**TASK DIRECTIONS:**
Take the entries below and print, exactly, the stretch from the line containing "Памятник героям Отечественной" through the line containing "Uczniowie PG 6", both included.

**DATA:**
------------------------------

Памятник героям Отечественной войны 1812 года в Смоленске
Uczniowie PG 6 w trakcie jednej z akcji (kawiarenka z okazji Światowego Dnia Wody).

------------------------------

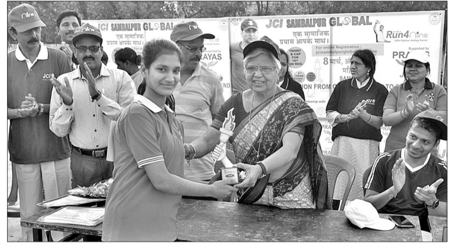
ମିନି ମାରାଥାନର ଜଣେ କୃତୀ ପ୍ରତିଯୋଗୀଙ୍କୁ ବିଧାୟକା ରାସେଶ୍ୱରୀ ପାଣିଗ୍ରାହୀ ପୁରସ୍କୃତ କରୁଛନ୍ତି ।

------------------------------

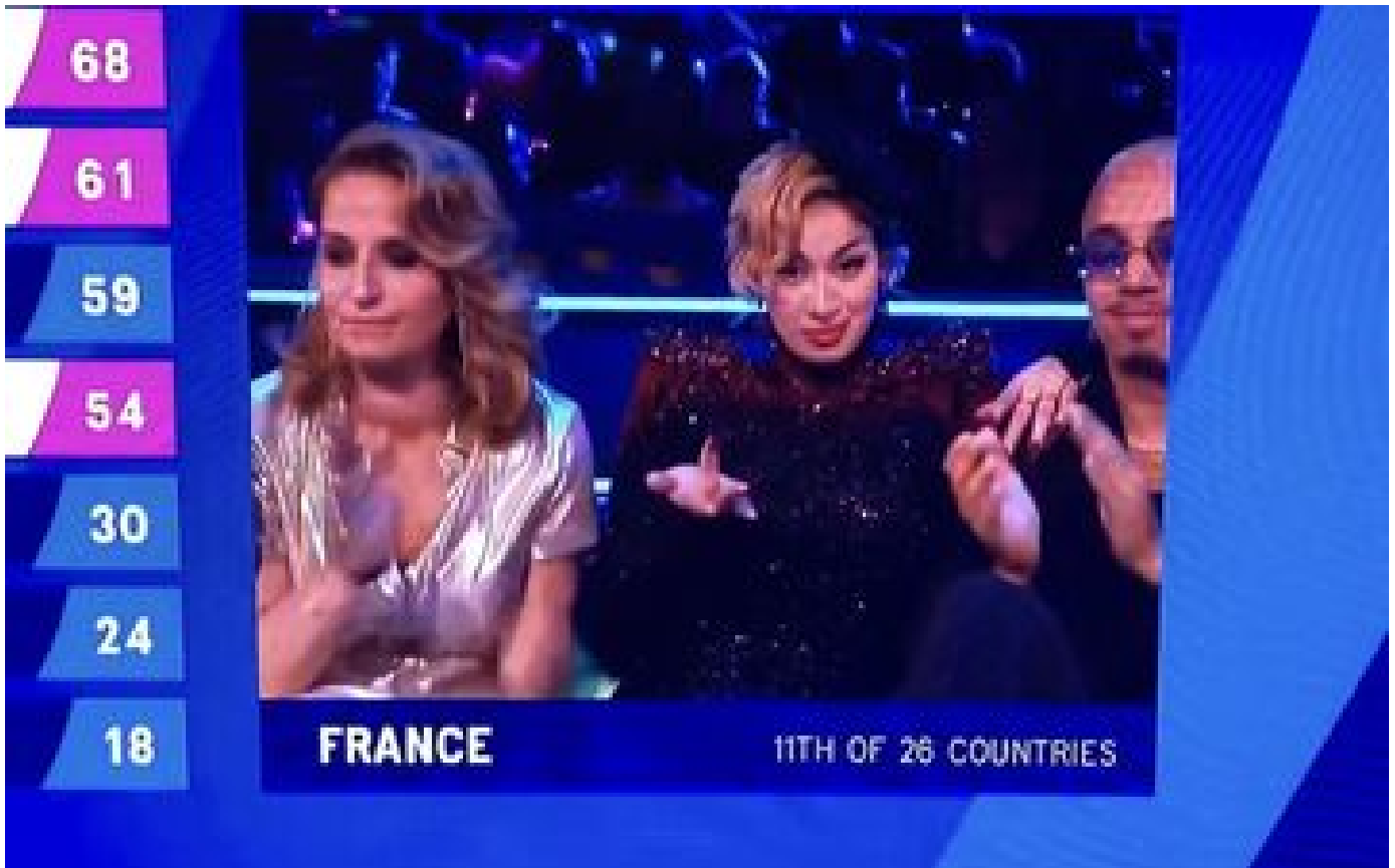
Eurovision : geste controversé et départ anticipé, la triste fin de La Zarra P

------------------------------

**EXPECTED ANSWER:**
Памятник героям Отечественной войны 1812 года в Смоленске
Uczniowie PG 6 w trakcie jednej z akcji (kawiarenka z okazji Światowego Dnia Wody).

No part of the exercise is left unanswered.